REI often has older models on sale.


----------



## SKIQUATTRO (Dec 7, 2007)

no damage to the racks/roof......i was hoping to be able to repair, but the damage is extensive....


----------



## powers (Dec 7, 2007)

Being 1/4 cheap Scottsman, I've "fixed" some boxes in the past. If the hardware is all good you may be able to get a plastic fabricator to weld the box where the cracks are. Most boxes are thermoplastic, typically ABS, and can be hot air welded. Just make sure the cracks are drilled out first to keep them from propogating. Failing that you can fiberglass the inside. Make sure you rough up the surface first and clean it well. Bondo fiberglass repair kits work well and better if you can get your hands on a heat gun. Maybe someone that does fiberglass repair on boats could hook you up. Failing all that you could throw out in my dump...........


----------



## ALLSKIING (Dec 7, 2007)

I did the same thing a few years back....The thule went almost flat. I bent the cross over bars but the thule was fine after I backed up...it just popped right back to shape.


----------



## bvibert (Dec 7, 2007)

Just be glad there weren't mountain bikes attached to the roof, that doesn't end nearly as well....  Don't ask how I know...


----------



## ALLSKIING (Dec 7, 2007)

bvibert said:


> Just be glad there weren't mountain bikes attached to the roof, that doesn't end nearly as well....  Don't ask how I know...


Double ouch!!


----------



## andyzee (Dec 7, 2007)

bvibert said:


> Just be glad there weren't mountain bikes attached to the roof, that doesn't end nearly as well.... Don't ask how I know...


 
How do you know?


----------



## bvibert (Dec 7, 2007)

andyzee said:


> How do you know?



I told you not to ask! :smash:

Don't ask me to tell the story about how I drove into a low overhang with two brand new (only used once) mountain bikes on the top of our Blazer, and how it ripped the factory roof rack clean off the roof (well not so clean, left a few holes) fatally wounding one bike rack tray and damaging the other (the goner being brand new as well).  Please, please don't make me tell that story...


----------



## ALLSKIING (Dec 7, 2007)

bvibert said:


> I told you not to ask! :smash:
> 
> Don't ask me to tell the story about how I drove into a low overhang with two brand new (only used once) mountain bikes on the top of our Blazer, and how it ripped the factory roof rack clean off the roof (well not so clean, left a few holes) fatally wounding one bike rack tray and damaging the other (the goner being brand new as well).  Please, please don't make me tell that story...

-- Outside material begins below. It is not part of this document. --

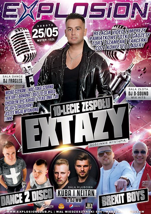 W sobotę 25 maja czeka na Was MEGA IMPREZA URODZINOWA zespołu EXTAZY !!!! Tej nocy Extazy świętuje 10 lecie powstania !!!

Thats bad B...I would have freaked out.


----------



## SKIQUATTRO (Dec 7, 2007)

here is a huge gaping hole in the back (3 fists) and large cracks on either side of the box running more than half way......dont think its repairable


----------



## bvibert (Dec 7, 2007)

ALLSKIING said:


> Thats bad B...I would have freaked out.



Luckily the car and rack took the brunt of the damage.  My wifes bike was fine except for a few scratches, mine had a spoke ripped out and that was about it.

Sorry to go off topic...


----------



## Hawkshot99 (Dec 7, 2007)

bvibert said:


> Please, please don't make me tell that story...



Please!:lol:

I have a Honda CRV with a Thule rack.  I had my kayak racks up top with both kayaks on the roof.  I had just gotten home from the beach and was too lazy to take them off, but needed to mow a few lawns.  My trailer was all loaded in the garage, so i just backed up to it like I always did.  I guess my car cant fit in the garage with kayaks on the roof.....:smash:  Pushed the entire rack forward on the car, and left two big dents over the garage door where they hit.  No damage other than the dents, once I slid the rack back.:lol:

Now about your story Brian....:wink:


----------



## Mildcat (Dec 7, 2007)

bvibert said:


> I told you not to ask! :smash:
> 
> Don't ask me to tell the story about how I drove into a low overhang with two brand new (only used once) mountain bikes on the top of our Blazer, and how it ripped the factory roof rack clean off the roof (well not so clean, left a few holes) fatally wounding one bike rack tray and damaging the other (the goner being brand new as well).  Please, please don't make me tell that story...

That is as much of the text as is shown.